I feel this notion of reducible which is event but also has a snapshot of current state is missing.

Gozala commented 11 years ago

No need to over think things:

{ state: { ... }, update: { ... } }

This is actually what State in reflex does with a diff that update and state is merged into same data structure and you can get update by calling diff on it.

Raynos commented 11 years ago

@Gozala but then I have this fugly api

map(thing, function (blob) {
  var current = blob.state
  var update = blob.update

  // do shit
})

instead of

map(merge([state(thing), thing]), function (update) {
  // do shit
})
Gozala commented 11 years ago

I like term fugly :D

Gozala commented 11 years ago

Anyway that's why I reflex did:

map(states, function(snapshot) {
  // do thing with a snapshot
})

If you need both state and delta you have:

reductions(states, function(current, previous) {
   var delta = diff(previous, current)

})

Maybe not ideal but worked fine in most cases I've tried.

I also considered this (but then thought it was ugly):

map(state, function(snapshot) {
  // if you need only delta then
  var delta = diff(snapshot)
})

Also it's fact that your map dependents on state snapshot at first is worrying map should be agnostic of that, if you need stateful transform you should use reductions instead, or if it's not enough some other flavor of the similar idea where both state and item is passed. We already exchanged some API ideas for that via gists, so I won't copy & paste them here, specially because it's hard to end up with nice API, so not having such functions forces to one to solve solution in less stateful manner.

Raynos commented 11 years ago

@Gozala reductions is a pain in the ass because I want two things.

I want to reduct and accumulate state between transformations and I want a result. The result of my transformation is different from the state I want to reduct.

I've just been storing state in closures for this and using expand to return some values sometimes and reduct state between transformations.

I think the real question is do I want to do transformations on streams of snapshots or streams of changes.

Gozala commented 11 years ago

I've just been storing state in closures for this and using expand to return some values sometimes and reduct state between transformations.

I think you're missing a point and there for having all this issues.
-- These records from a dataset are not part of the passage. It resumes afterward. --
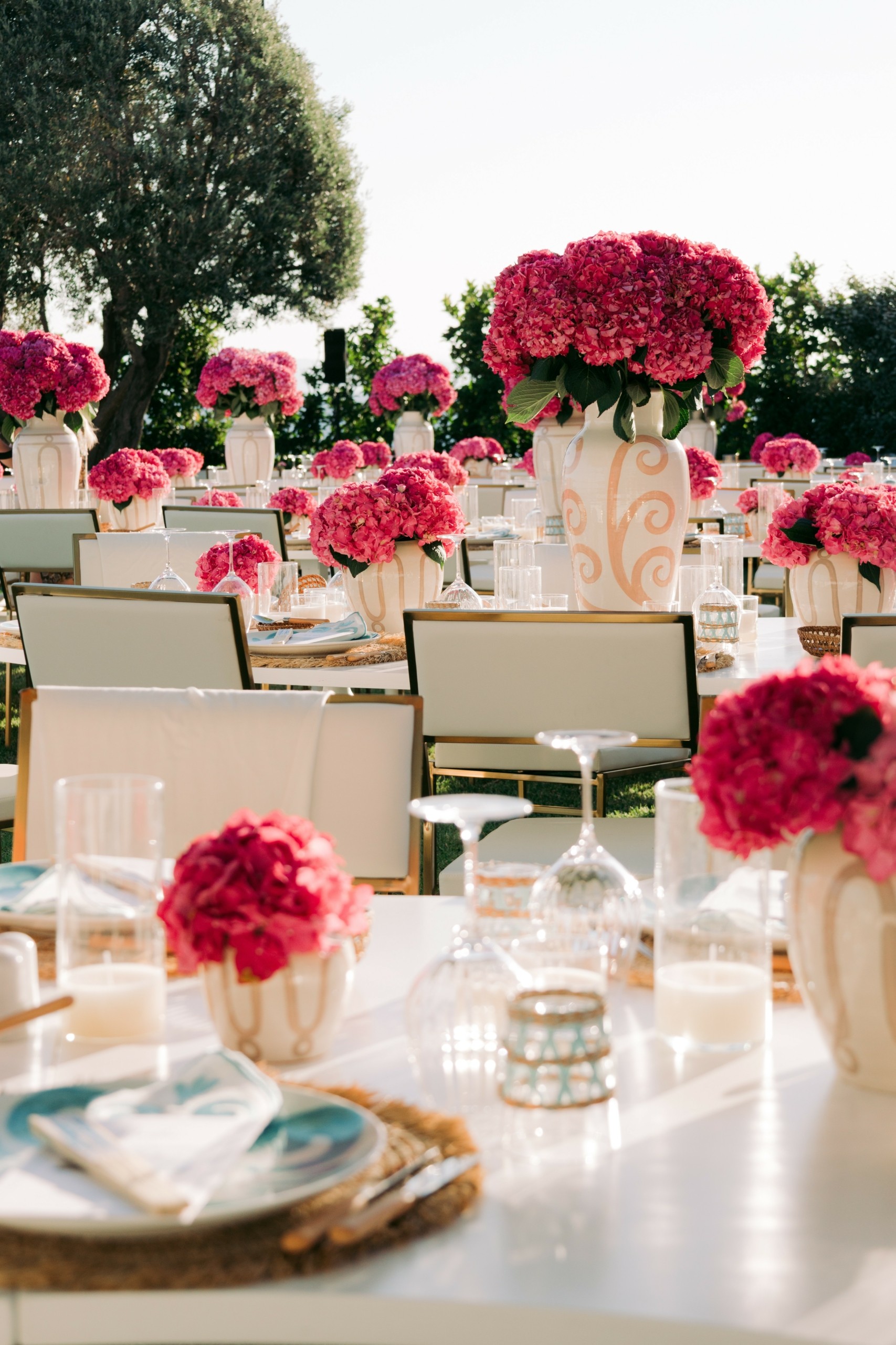 Οι 200 καλεσμένοι μαγεύτηκαν από την ambiance του χώρου, το μοναδικό art de la table και τις δεκάδες ορτανσίες που πρόβαλλαν πάνω στα τραπέζια και έδεναν αρμονικά με ιδιαίτερα ψηλά βάζα και τα Themis Z σερβίτσια.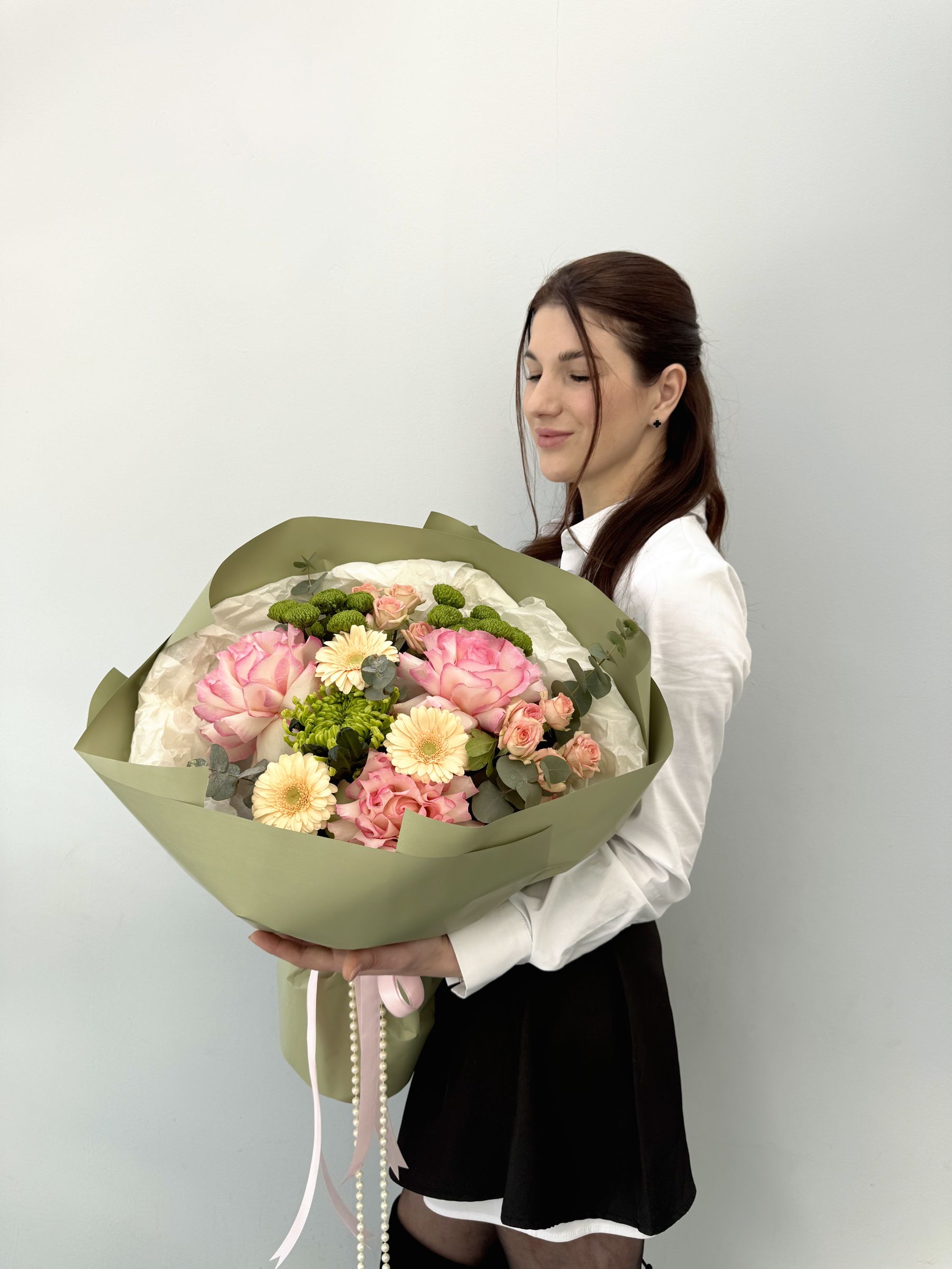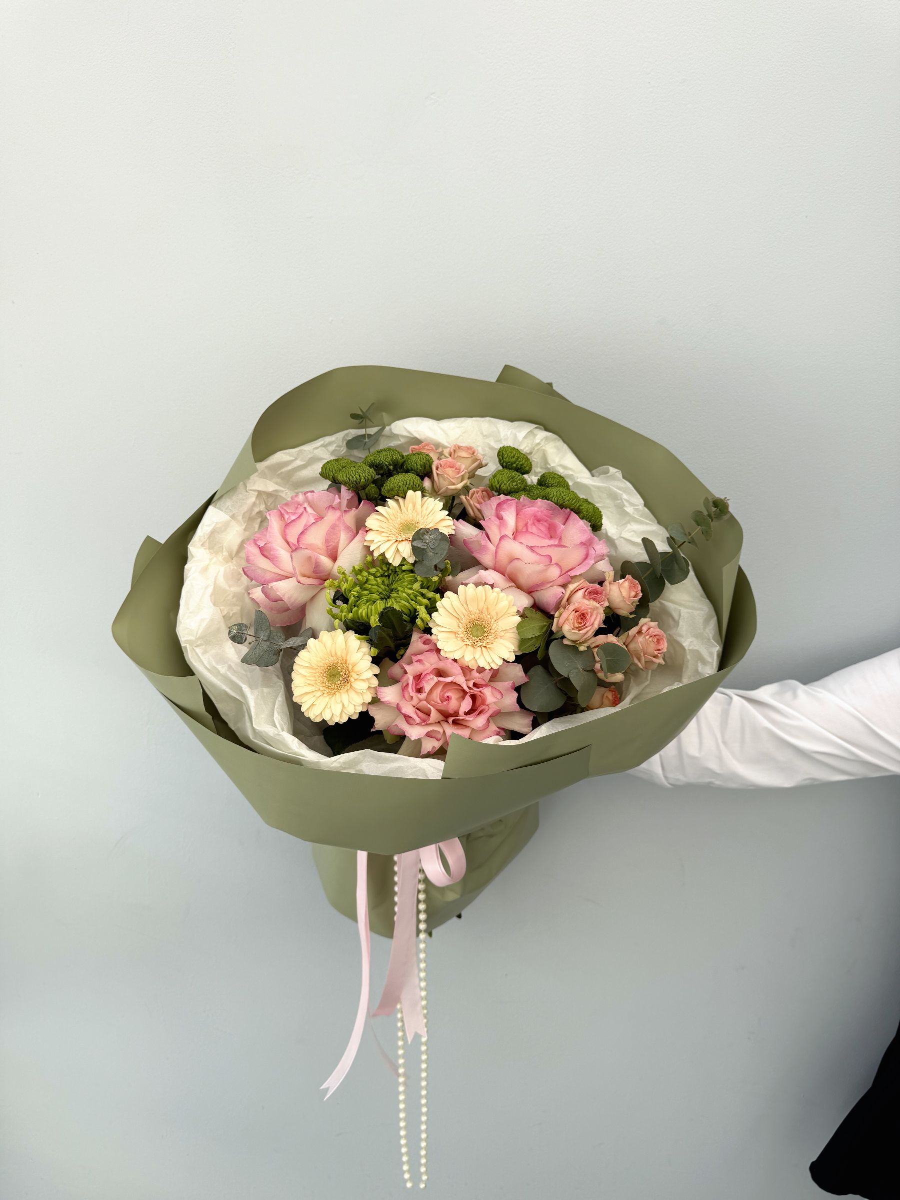 Крупные и кустовые розы с мягкой каймой, пудровые гвоздики и хризантемы звучат как спокойное признание — без повода, просто потому что хочется. Эвкалипт добавляет прохладный штрих, а лента с жемчугом собирает весь образ в одну тонкую, дорогую ноту.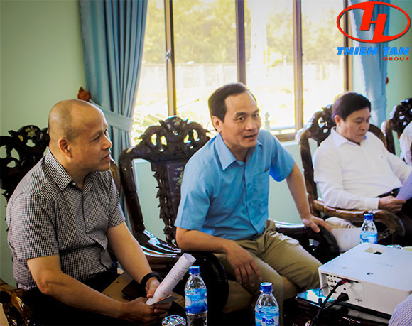 Báo cáo với đoàn công tác, ông Huỳnh Kim Lập, Chủ tịch HĐQT Thiên Tân Group đã giới thiệu với đoàn về lịch sử hình thành, phát triển của tập đoàn; những dự án tiêu biểu; các hoạt động an sinh xã hội nổi bật và những thành tích to lớn mà đơn vị đã đạt được cũng như kết quả thực hiện dự án Nhà máy điện mặt trời Mộ Đức.
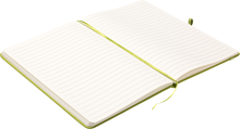 Zápisník A5 v zelených světlých deskách z PU materiálu má 80 linkovaných listů. Blok má uzavírací gumičku, poutko na propisku a textilní záložku v barvě desek.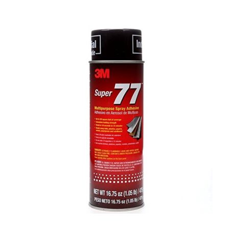 3M™ Super 77™ Multipurpose Spray Adhesive is an extremely versatile, fast-drying, and transparent spray adhesive that bonds a wide range of lightweight materials. Our fast, permanent bond provides fast results to keep projects moving ahead. The spray formula is easy to dispense and apply directly onto surfaces and materials where needed.

Library is intentionally designed to make local state hard. It's fine to capture bindings from closures, but it's not to mutate them. Intention is that all the stateful code (updating any references or doing mutations) will go into source implementation or into consumer implementation. All the transformation logic should be state free and order independent since non of that is guaranteed. I think you'll have a lot better time if you don't try to workaround these limitations as they are guardrails.

As of reductions or writing var current = blob.state; var update = blob.update is that seriously such a big deal ? It just a little boilerplate that makes your code state and order independent & jit's can optimize better it's IMO totally worth it. Not to mention that if you really don't want to type those additional chars you could always use helper libs like this one: https://github.com/Gozala/extract

And in ES6 even use destructuring. At the moment you do bunch of tradeoffs just for a typing convenience.

Gozala commented 11 years ago

Here is yet another example how stateful transformation can be done when that is really necessary:

var LOCAL = 0
var ACCUMULATED = 1

function lift(input, f, start) {
  return reducible(function(next, initial) {
    return reduce(input, function transform(value, state) {
      var data = [].concat(f(value, state[LOCAL]))
      var local = data.pop()
      var result = state[ACCUMULATED]
      var count = data.length
      var index = 0
      while (index < count) {
        result = next(data[index], result)
        if (isReduced(result)) return result
        index = index + 1
      }
      return [local, result]
    }, [start, initial])
  })
}

// Transform any text stream into stream of lines
var lines = lift(text, function(chunk, prefix) {
  return prefix.concat(chunk).split("\n")
}, "")

The reason I hesitate to include this by default is that it's easy to include a new state in the end of the returned array.